WHAT IS NEEDED:
Copy out all the lines of the data precisely, omitting any pictures.
*** Opening of DATASET EXTRACT ***
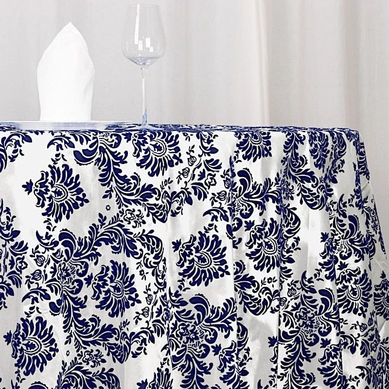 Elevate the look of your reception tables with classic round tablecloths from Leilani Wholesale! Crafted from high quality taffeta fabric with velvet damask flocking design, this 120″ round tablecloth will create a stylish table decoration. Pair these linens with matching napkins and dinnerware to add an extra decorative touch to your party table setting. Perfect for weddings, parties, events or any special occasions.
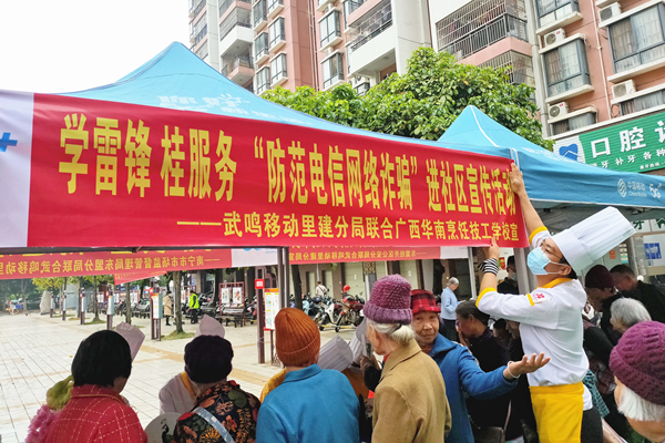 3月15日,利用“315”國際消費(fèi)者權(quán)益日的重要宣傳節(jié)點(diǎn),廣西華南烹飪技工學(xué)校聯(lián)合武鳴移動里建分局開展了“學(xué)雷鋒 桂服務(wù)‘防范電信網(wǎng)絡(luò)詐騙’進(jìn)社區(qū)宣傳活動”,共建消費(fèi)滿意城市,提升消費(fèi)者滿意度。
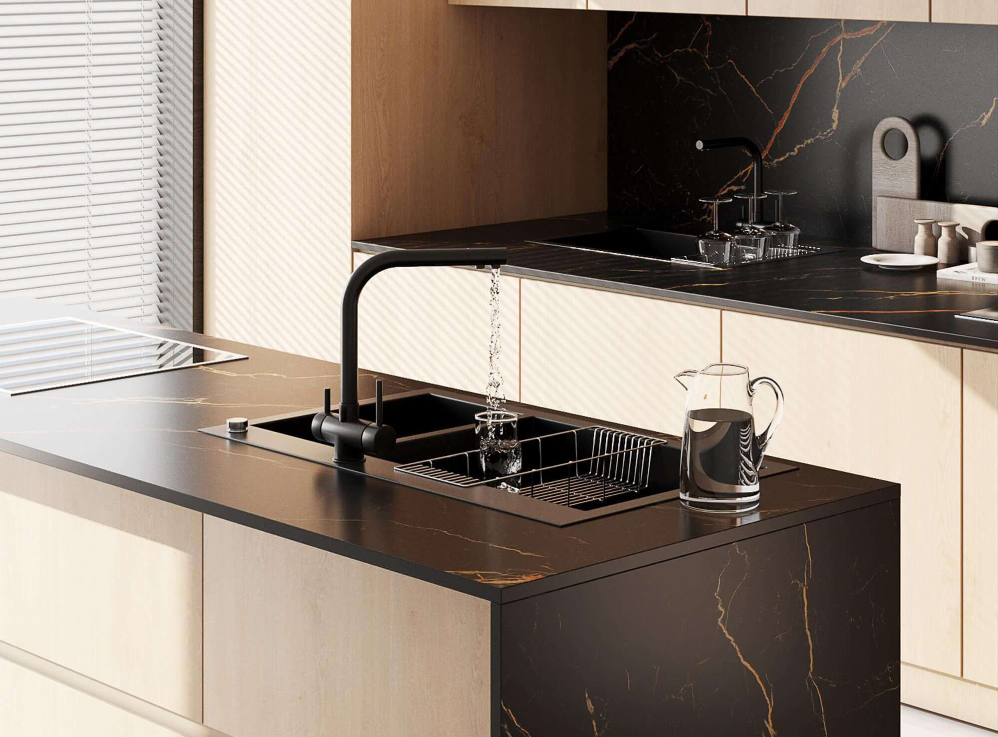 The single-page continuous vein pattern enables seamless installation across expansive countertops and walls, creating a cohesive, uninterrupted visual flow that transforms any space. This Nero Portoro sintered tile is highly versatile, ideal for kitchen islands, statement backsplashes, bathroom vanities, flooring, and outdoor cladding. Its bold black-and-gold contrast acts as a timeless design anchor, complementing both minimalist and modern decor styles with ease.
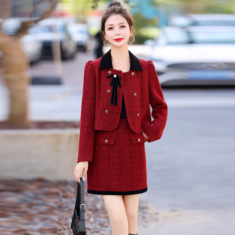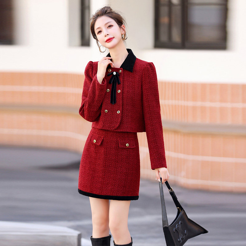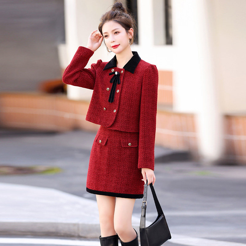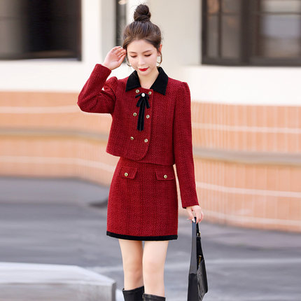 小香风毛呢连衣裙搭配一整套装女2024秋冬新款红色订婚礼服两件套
*** Close of DATASET EXTRACT ***
COMPLETED TASK:
 Elevate the look of your reception tables with classic round tablecloths from Leilani Wholesale! Crafted from high quality taffeta fabric with velvet damask flocking design, this 120″ round tablecloth will create a stylish table decoration. Pair these linens with matching napkins and dinnerware to add an extra decorative touch to your party table setting. Perfect for weddings, parties, events or any special occasions.
 3月15日,利用“315”國際消費(fèi)者權(quán)益日的重要宣傳節(jié)點(diǎn),廣西華南烹飪技工學(xué)校聯(lián)合武鳴移動里建分局開展了“學(xué)雷鋒 桂服務(wù)‘防范電信網(wǎng)絡(luò)詐騙’進(jìn)社區(qū)宣傳活動”,共建消費(fèi)滿意城市,提升消費(fèi)者滿意度。
 The single-page continuous vein pattern enables seamless installation across expansive countertops and walls, creating a cohesive, uninterrupted visual flow that transforms any space. This Nero Portoro sintered tile is highly versatile, ideal for kitchen islands, statement backsplashes, bathroom vanities, flooring, and outdoor cladding. Its bold black-and-gold contrast acts as a timeless design anchor, complementing both minimalist and modern decor styles with ease.
 小香风毛呢连衣裙搭配一整套装女2024秋冬新款红色订婚礼服两件套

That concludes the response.